What is needed is an exact reproduction of the lines in the records below, starting at the line with "Готовые домашние задания" and ending at the line with "Antique 9ct Gold", both included, and nothing else; pictures stay out.

[Extracted records — start]

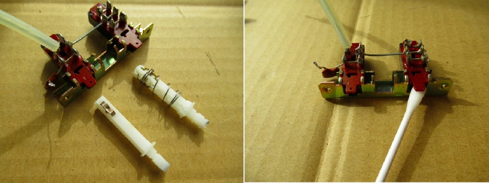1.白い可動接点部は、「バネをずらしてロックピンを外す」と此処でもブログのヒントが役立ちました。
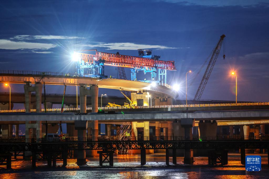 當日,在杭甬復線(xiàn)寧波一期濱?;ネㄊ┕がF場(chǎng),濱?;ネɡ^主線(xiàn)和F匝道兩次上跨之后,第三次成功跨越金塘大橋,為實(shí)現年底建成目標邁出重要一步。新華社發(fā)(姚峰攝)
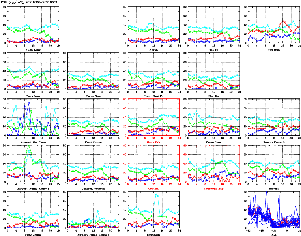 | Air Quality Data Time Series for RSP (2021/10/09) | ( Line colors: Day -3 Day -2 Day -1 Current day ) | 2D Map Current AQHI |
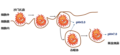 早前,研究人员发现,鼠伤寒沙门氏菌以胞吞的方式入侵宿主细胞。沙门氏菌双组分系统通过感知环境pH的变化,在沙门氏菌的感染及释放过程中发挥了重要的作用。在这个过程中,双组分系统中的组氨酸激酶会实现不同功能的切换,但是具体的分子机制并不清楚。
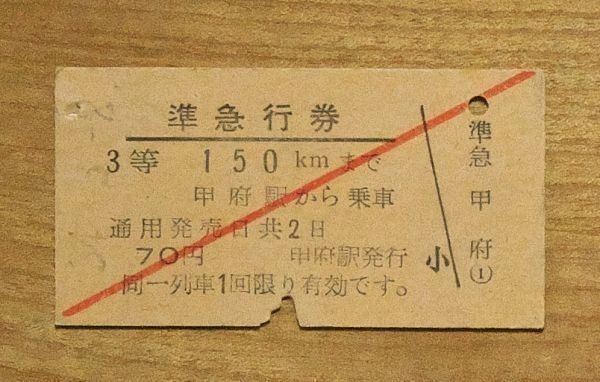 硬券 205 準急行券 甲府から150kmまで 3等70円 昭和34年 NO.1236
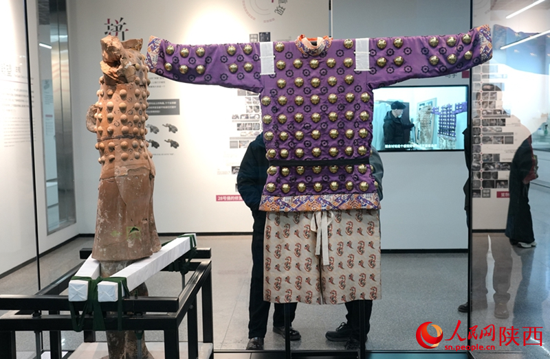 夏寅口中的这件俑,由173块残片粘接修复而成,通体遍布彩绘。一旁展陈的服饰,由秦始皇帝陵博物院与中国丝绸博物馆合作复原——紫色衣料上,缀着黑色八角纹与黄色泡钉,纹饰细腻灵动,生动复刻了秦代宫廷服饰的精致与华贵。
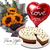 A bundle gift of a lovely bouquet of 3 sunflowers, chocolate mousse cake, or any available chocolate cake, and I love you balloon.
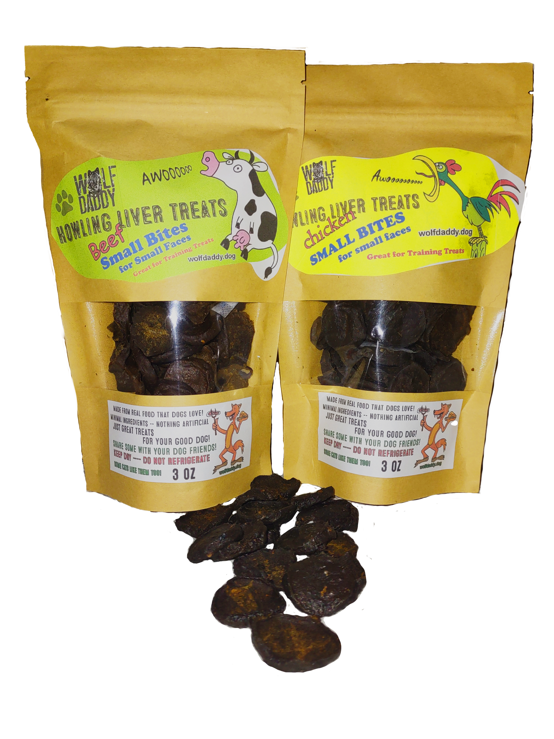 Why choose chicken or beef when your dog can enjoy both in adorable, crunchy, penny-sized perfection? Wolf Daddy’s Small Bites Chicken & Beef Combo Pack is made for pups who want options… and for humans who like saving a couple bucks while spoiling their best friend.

[Extracted records — finish]
[Extracted records — start]

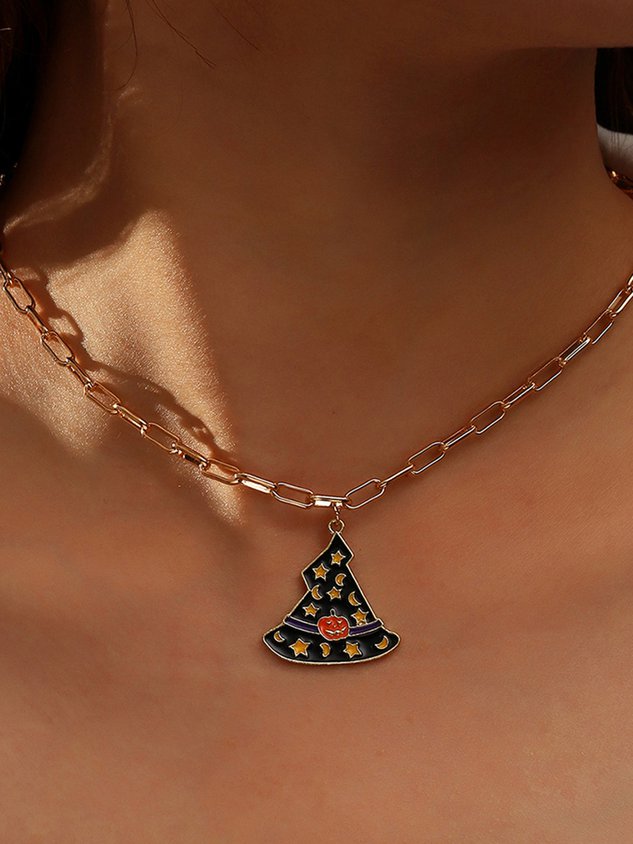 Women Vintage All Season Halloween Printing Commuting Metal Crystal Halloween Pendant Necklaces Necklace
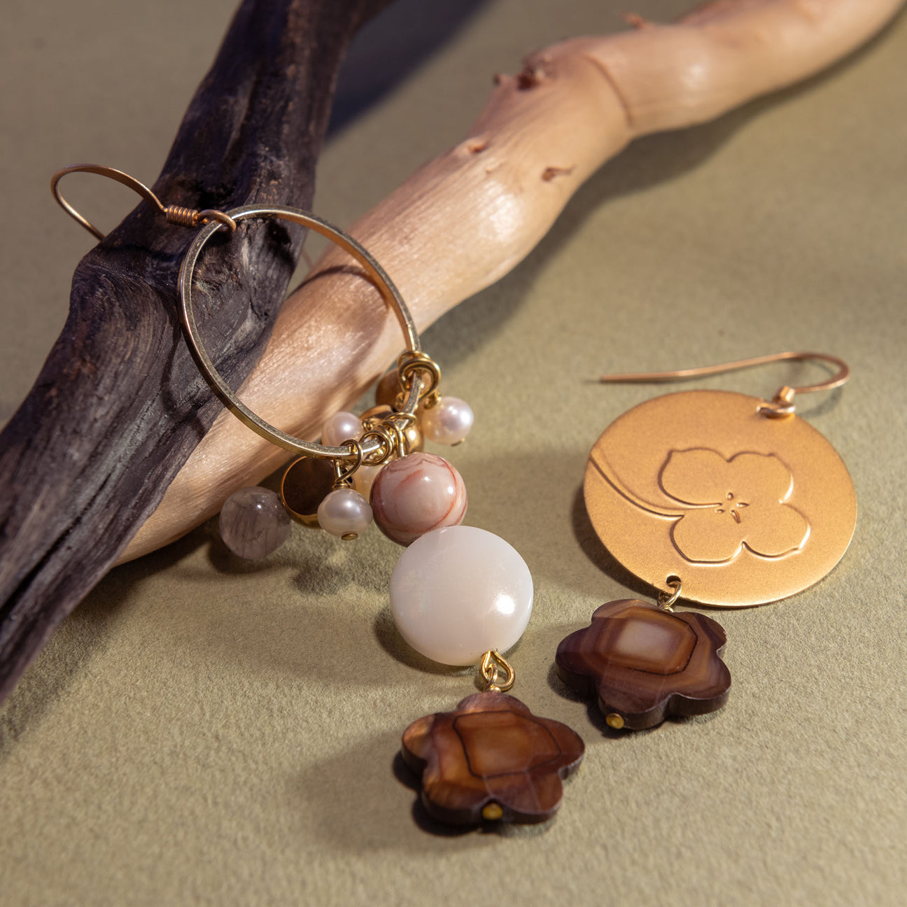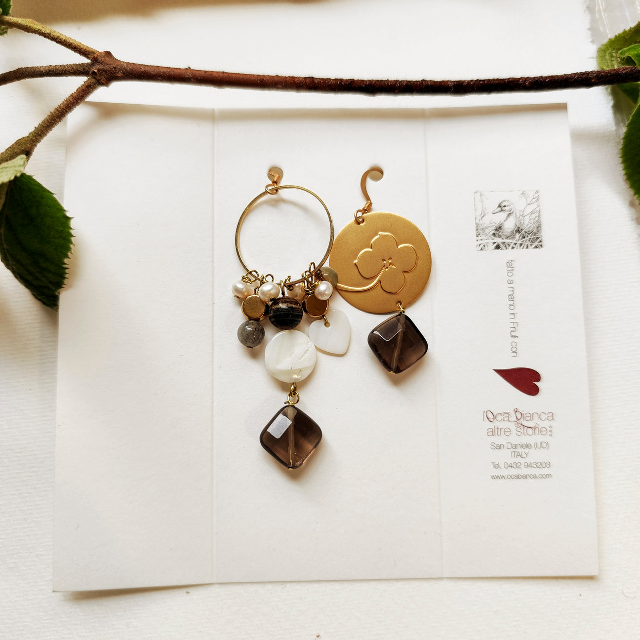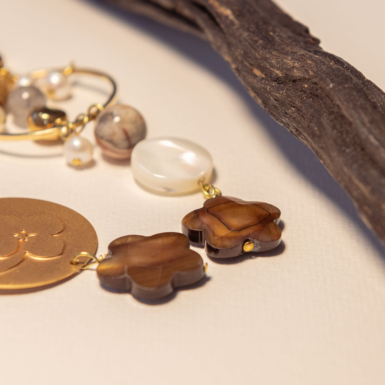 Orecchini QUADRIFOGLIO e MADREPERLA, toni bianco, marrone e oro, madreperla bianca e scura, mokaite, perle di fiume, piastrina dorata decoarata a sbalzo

[Extracted records — finish]
[Extracted records — start]

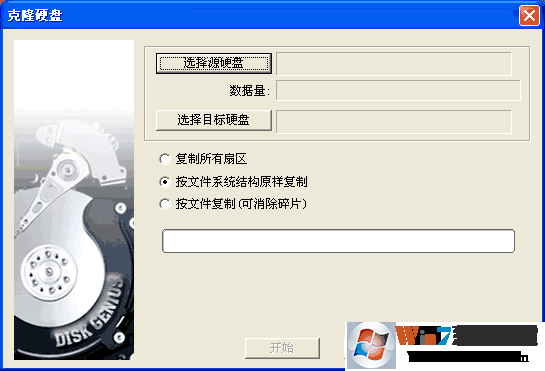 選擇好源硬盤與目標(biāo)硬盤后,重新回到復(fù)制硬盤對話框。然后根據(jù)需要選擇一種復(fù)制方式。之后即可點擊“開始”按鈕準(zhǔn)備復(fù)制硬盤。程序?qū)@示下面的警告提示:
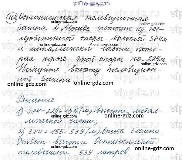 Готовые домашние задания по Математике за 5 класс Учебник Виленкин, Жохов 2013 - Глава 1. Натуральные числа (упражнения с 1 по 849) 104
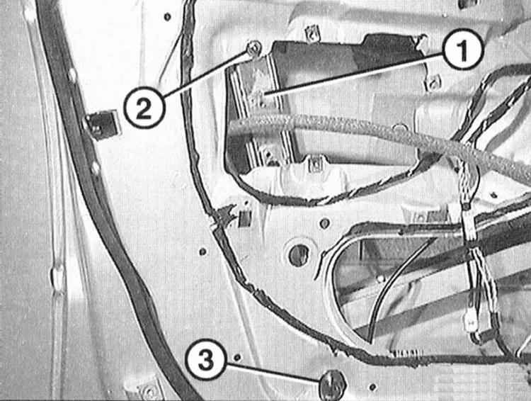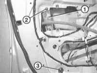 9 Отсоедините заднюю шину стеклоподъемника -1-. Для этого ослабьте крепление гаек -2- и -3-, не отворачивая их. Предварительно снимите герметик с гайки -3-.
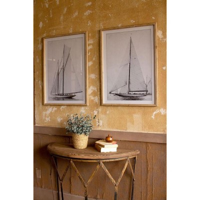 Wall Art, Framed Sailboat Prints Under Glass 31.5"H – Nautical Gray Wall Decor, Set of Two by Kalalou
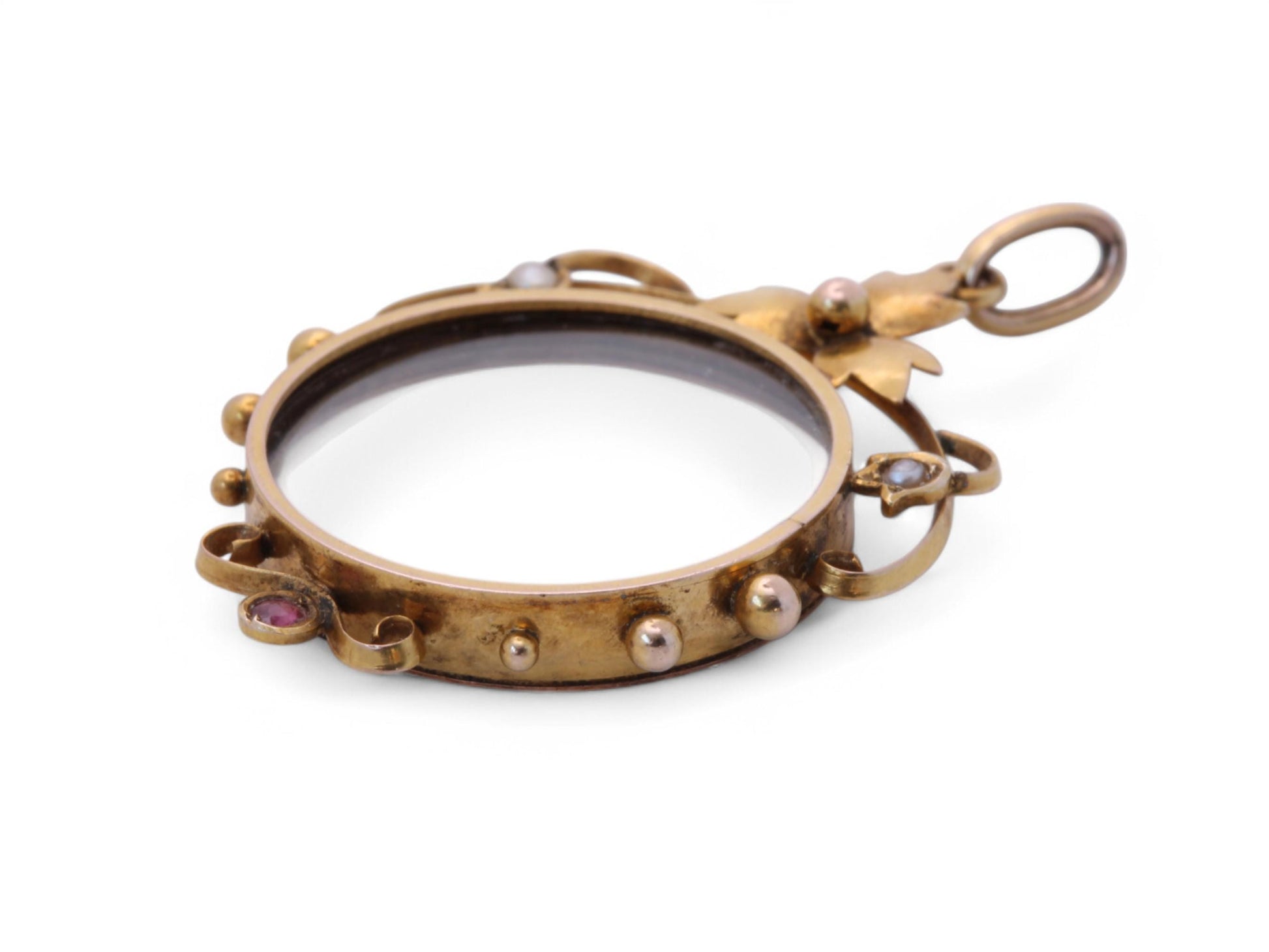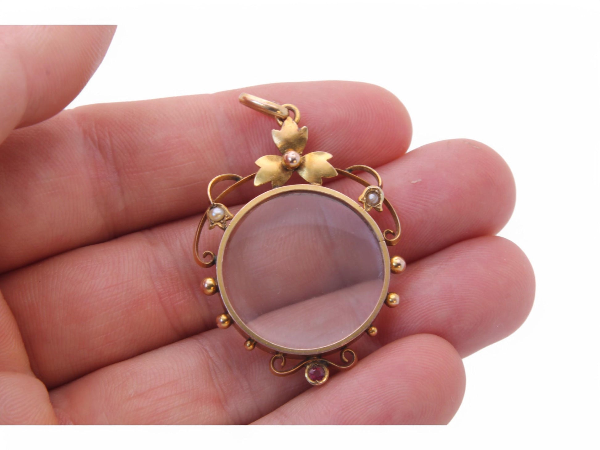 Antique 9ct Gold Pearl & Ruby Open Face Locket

[Extracted records — finish]

◆ **Response below**:
 Готовые домашние задания по Математике за 5 класс Учебник Виленкин, Жохов 2013 - Глава 1. Натуральные числа (упражнения с 1 по 849) 104
 9 Отсоедините заднюю шину стеклоподъемника -1-. Для этого ослабьте крепление гаек -2- и -3-, не отворачивая их. Предварительно снимите герметик с гайки -3-.
 Wall Art, Framed Sailboat Prints Under Glass 31.5"H – Nautical Gray Wall Decor, Set of Two by Kalalou
 Antique 9ct Gold Pearl & Ruby Open Face Locket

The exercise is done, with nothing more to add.